Despite this setback, the bike rode really well on the track and throttle response & power were as good as could have hoped given the lack of any form of transient fuelling corrections.


Tuesday, 21 February 2017

The Search For Electrical Overhead

Due to the additional electrical load being placed on the bike from the EFI system, the charging system needed some attention. It was suspected from the very beginning of the project that the original reg/rec may not able to cope with the constant drain on the system from a high pressure fuel pump and twin headlights. This became very apparent as the bike was being used more and more recently.
The battery could not be kept charged when either the dipped beams or main beams were switched on. There was a definite drop in battery voltage depending on whether the lights were switched on or not and it was noticed that the reg/rec was getting quite hot after night-time rides so it was likely that the reg/rec was going to fail sooner rather than later.

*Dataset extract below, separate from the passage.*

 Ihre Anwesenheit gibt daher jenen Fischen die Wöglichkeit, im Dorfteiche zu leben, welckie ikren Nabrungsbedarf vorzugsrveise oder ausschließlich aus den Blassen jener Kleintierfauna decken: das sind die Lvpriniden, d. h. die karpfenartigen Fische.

A new Shindengen FH020AA mosfet reg/rec had already been purchased for an upgrade further down the line but given the circumstances, the upgrade was moved to the top of the priority list. The installation of the new reg/rec was relatively straight-forward. The FH020AA is quite a bit bigger than the OEM reg/rec but still fits under the fairing in the same place. Just about. One additional hole had to be drilled in the mounting plate to accommodate the wider hole spacing of the FH020AA and the standard connector was chopped from the loom and replaced with the dual connectors required for the FH020AA.

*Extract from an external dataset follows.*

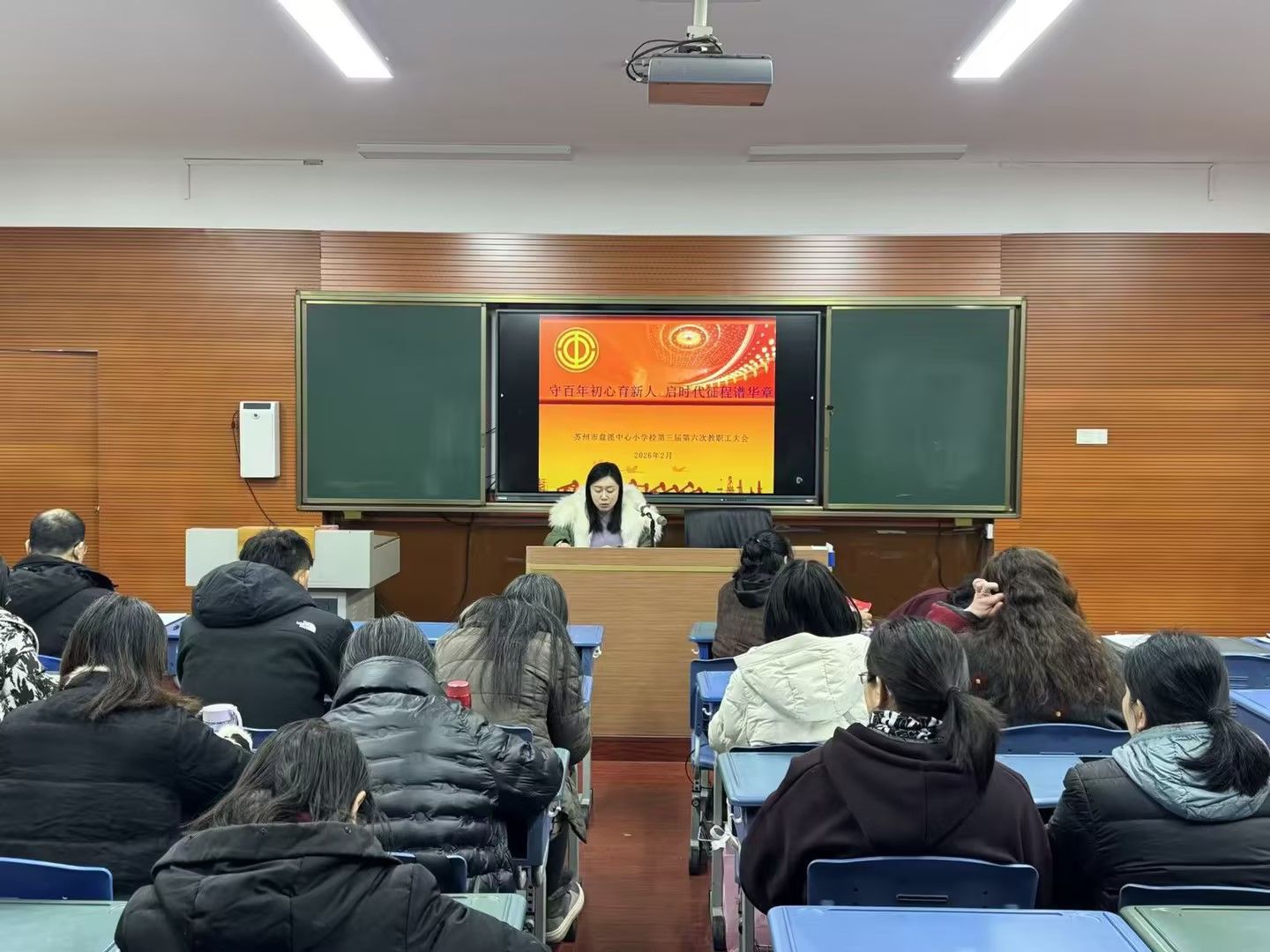 为充分发挥教职工代表大会的职能作用,进一步推进学校工作的全面发展,2026年2月2日下午,苏州市平直教育集团盘溪中心小学三届六次教职工代表大会在多媒体会议室召开,本次教代会以“守百年初心育新人,启时代征程谱华章”为主题,大会在庄严的国歌声中拉开帷幕。

FH020AA vs OEM mc22 reg/rec

An immediate improvement in voltage regulation and stability was observed with the FH020AA fitted and the reg/rec merely ran warm to the touch as opposed to hot. Although, since the reg/rec can only improve regulation efficiency and can not force the stator to provide any extra power, the bike was still a little short of electrical headroom. It was not bad enough to risk running the battery flat during a long night-time ride but rather meant that battery voltage with the lights on at idle tended to hover around 12V as opposed to the 14V which was observed at idle with no lights. When a current clamp was placed on the battery earth strap, it became apparent that with lights on, the predominant flow of current was out of the battery. As such, a way of either a) boosting the generated power or b) reducing the electrical load on the bike had to be found. Of the two, option b) was clearly the preferred route. Given the headlights represented the single largest current draw on the electrical system, they were the chosen target for modernisation.

After much deliberation, research and changing of mind back & forth, it was decided to install LED bulbs. The options were either HID or LED but eventually the LED won out due to being actually able to package the ballasts in the front of the bike, being more adjustable for beam pattern and having lower overall current draw although they were almost twice the cost of the HIDs for a quality set from a reputable manufacturer.

Each H4 LED bulb is rated at 20W compared to the 60W/55W rating of the standard halogen units so, in theory, a set of two should have freed up c.6A capacity which would be more than enough to cover the additional load the fuel pump, lambda heater & injectors placed on the system. Before installing the LEDs, a charge current of -7A (draining battery) at idle with dipped beam on and -6A at idle with main beam on was measured. With the LEDs installed, charging current was measured at +3A at idle with both dipped and main beams on, leaving ample headroom on the charging system.

The physical installation of the bulbs was reasonably straight-forward. The heatsinks on the back of the bulb made it all a bit bulkier than the standard setup but the heat sinks are well hidden given they are black in colour. The two small ballasts found a nice place to sit either side of the clock stay bracket where they do not interfere with anything else. Getting the beam pattern right took the most time but the adjustment in the bulb housings worked a treat. There is also the advantage that the LED headlamps are quite a bit brighter than the halogens which makes night-time riding quite a bit more enjoyable.